## INSTRUCTIONS TO FOLLOW
Please return only the lines from the one with "These wonderful Glitter" through the final line of the data, unchanged, with pictures omitted.

## SOURCE MATERIAL
◇ ◇ ◇ ◇ ◇ ◇ ◇
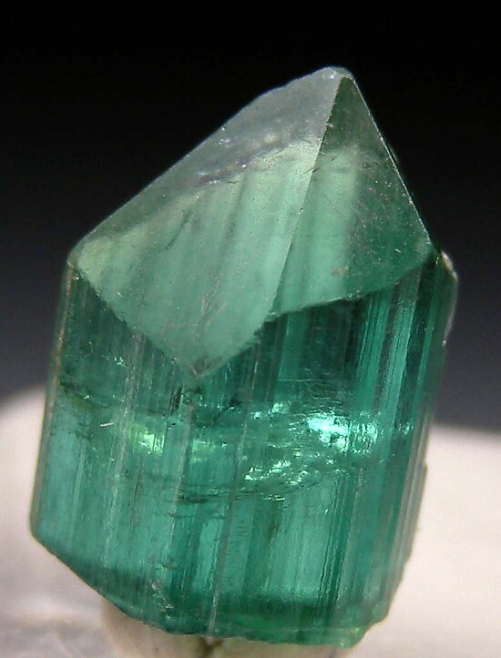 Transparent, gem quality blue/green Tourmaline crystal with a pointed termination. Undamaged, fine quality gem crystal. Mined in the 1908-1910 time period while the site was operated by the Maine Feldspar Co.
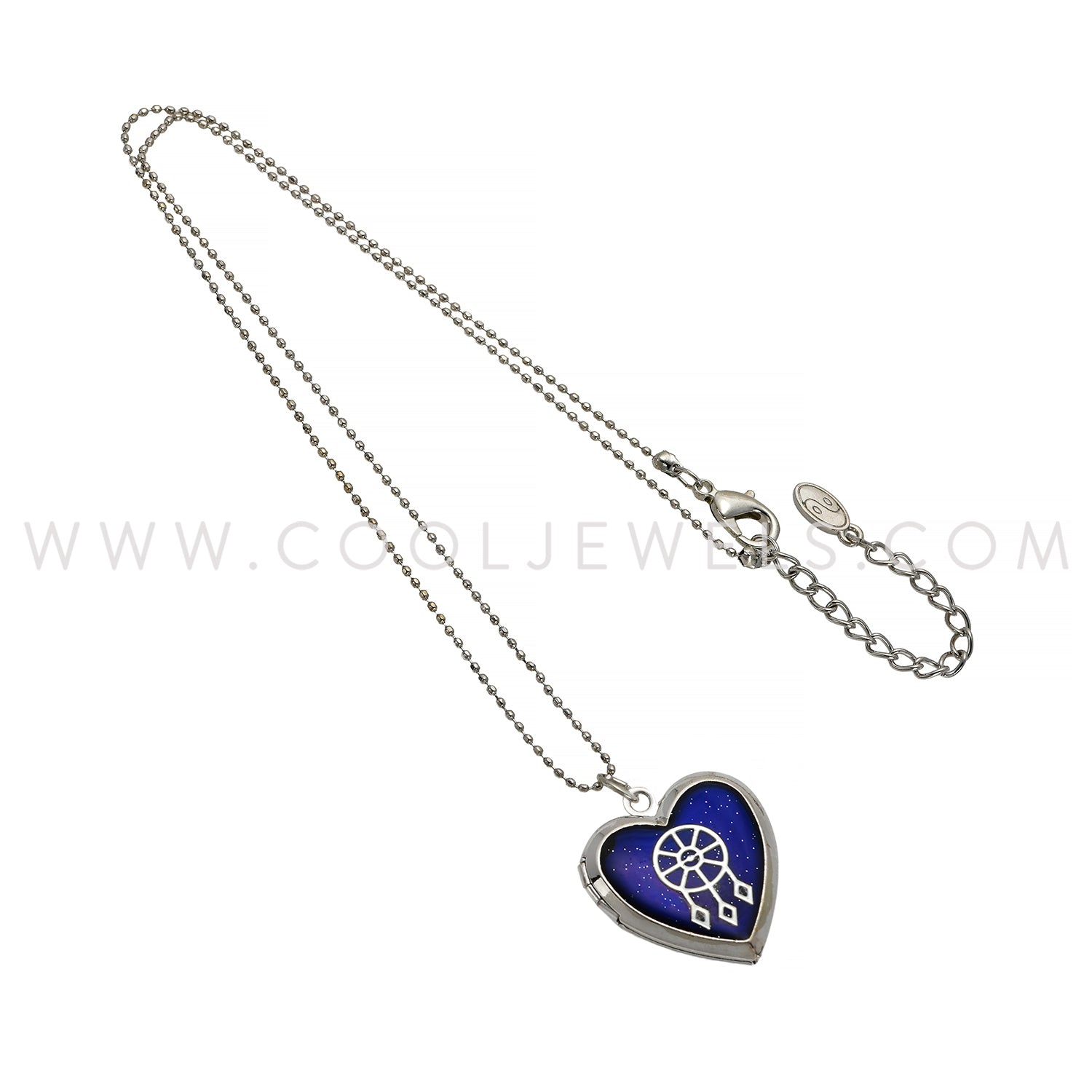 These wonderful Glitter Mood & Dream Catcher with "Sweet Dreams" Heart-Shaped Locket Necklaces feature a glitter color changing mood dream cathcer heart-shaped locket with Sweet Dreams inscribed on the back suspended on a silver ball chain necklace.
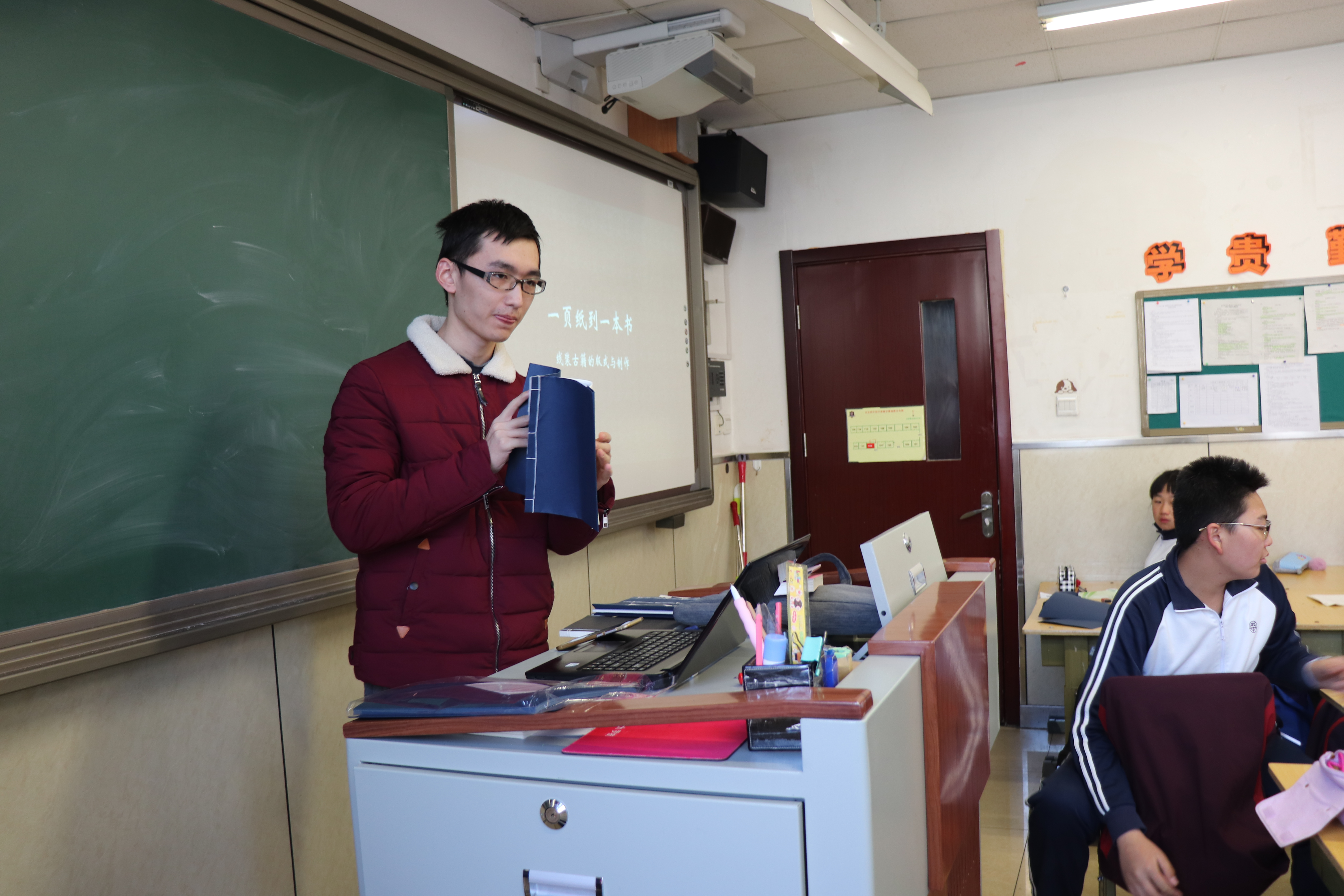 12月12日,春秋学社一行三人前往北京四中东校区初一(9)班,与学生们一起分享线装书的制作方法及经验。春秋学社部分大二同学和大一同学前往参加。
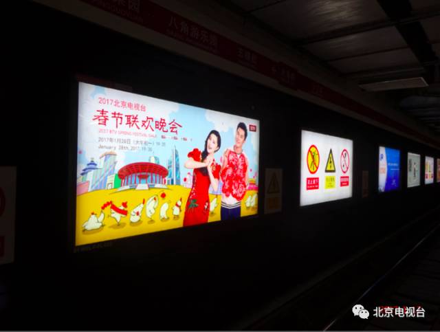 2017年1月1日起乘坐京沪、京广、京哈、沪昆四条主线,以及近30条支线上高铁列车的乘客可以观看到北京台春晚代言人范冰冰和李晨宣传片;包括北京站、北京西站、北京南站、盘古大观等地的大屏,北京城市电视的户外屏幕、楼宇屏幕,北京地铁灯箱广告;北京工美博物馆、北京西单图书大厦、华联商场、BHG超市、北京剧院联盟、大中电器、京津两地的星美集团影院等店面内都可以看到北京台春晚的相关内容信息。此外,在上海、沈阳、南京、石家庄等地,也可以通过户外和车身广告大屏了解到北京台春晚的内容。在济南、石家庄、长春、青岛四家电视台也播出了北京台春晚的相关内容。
◇ ◇ ◇ ◇ ◇ ◇ ◇
## EXERCISE RESULT
 These wonderful Glitter Mood & Dream Catcher with "Sweet Dreams" Heart-Shaped Locket Necklaces feature a glitter color changing mood dream cathcer heart-shaped locket with Sweet Dreams inscribed on the back suspended on a silver ball chain necklace.
 12月12日,春秋学社一行三人前往北京四中东校区初一(9)班,与学生们一起分享线装书的制作方法及经验。春秋学社部分大二同学和大一同学前往参加。
 2017年1月1日起乘坐京沪、京广、京哈、沪昆四条主线,以及近30条支线上高铁列车的乘客可以观看到北京台春晚代言人范冰冰和李晨宣传片;包括北京站、北京西站、北京南站、盘古大观等地的大屏,北京城市电视的户外屏幕、楼宇屏幕,北京地铁灯箱广告;北京工美博物馆、北京西单图书大厦、华联商场、BHG超市、北京剧院联盟、大中电器、京津两地的星美集团影院等店面内都可以看到北京台春晚的相关内容信息。此外,在上海、沈阳、南京、石家庄等地,也可以通过户外和车身广告大屏了解到北京台春晚的内容。在济南、石家庄、长春、青岛四家电视台也播出了北京台春晚的相关内容。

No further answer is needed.